INPUT:

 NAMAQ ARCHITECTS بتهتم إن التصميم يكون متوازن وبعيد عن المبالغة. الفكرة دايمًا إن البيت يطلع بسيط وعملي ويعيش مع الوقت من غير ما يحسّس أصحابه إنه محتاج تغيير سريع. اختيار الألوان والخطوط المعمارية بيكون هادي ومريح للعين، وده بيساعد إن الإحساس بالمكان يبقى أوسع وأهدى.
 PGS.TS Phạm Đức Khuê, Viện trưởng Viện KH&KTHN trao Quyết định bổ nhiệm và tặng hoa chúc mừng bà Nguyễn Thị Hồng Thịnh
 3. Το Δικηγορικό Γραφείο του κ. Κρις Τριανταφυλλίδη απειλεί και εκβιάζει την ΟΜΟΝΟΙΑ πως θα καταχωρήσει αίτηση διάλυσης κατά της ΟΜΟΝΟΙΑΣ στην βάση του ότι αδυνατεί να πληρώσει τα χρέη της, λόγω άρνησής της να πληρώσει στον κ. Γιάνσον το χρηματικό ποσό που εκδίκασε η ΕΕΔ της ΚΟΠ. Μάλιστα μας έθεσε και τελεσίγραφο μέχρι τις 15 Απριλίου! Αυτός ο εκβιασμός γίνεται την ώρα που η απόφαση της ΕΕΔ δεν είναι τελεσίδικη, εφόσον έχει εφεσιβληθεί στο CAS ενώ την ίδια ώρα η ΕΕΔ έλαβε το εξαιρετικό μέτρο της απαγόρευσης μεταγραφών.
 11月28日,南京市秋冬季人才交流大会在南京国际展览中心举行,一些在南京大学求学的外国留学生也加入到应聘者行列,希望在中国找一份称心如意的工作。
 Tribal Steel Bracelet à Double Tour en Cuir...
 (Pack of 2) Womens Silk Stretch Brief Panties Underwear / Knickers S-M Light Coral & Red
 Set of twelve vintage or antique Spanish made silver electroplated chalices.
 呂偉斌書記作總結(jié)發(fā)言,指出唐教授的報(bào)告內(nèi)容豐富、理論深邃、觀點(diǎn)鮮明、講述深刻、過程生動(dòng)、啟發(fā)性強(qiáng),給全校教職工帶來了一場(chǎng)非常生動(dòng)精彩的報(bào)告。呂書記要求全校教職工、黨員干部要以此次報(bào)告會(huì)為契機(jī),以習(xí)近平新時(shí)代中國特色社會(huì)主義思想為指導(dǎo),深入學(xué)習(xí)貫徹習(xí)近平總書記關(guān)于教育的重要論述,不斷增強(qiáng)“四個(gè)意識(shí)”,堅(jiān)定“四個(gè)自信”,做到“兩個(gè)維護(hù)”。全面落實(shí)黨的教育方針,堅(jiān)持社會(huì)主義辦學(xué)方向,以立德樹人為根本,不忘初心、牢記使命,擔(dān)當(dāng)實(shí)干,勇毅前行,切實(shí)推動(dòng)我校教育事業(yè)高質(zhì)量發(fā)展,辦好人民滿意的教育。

WHAT IS BEING ASKED:
The lines from the first of the entries through the line holding "PGS.TS Phạm Đức" are to be restated word for word, and no others.

COMPLETED EXERCISE:
 NAMAQ ARCHITECTS بتهتم إن التصميم يكون متوازن وبعيد عن المبالغة. الفكرة دايمًا إن البيت يطلع بسيط وعملي ويعيش مع الوقت من غير ما يحسّس أصحابه إنه محتاج تغيير سريع. اختيار الألوان والخطوط المعمارية بيكون هادي ومريح للعين، وده بيساعد إن الإحساس بالمكان يبقى أوسع وأهدى.
 PGS.TS Phạm Đức Khuê, Viện trưởng Viện KH&KTHN trao Quyết định bổ nhiệm và tặng hoa chúc mừng bà Nguyễn Thị Hồng Thịnh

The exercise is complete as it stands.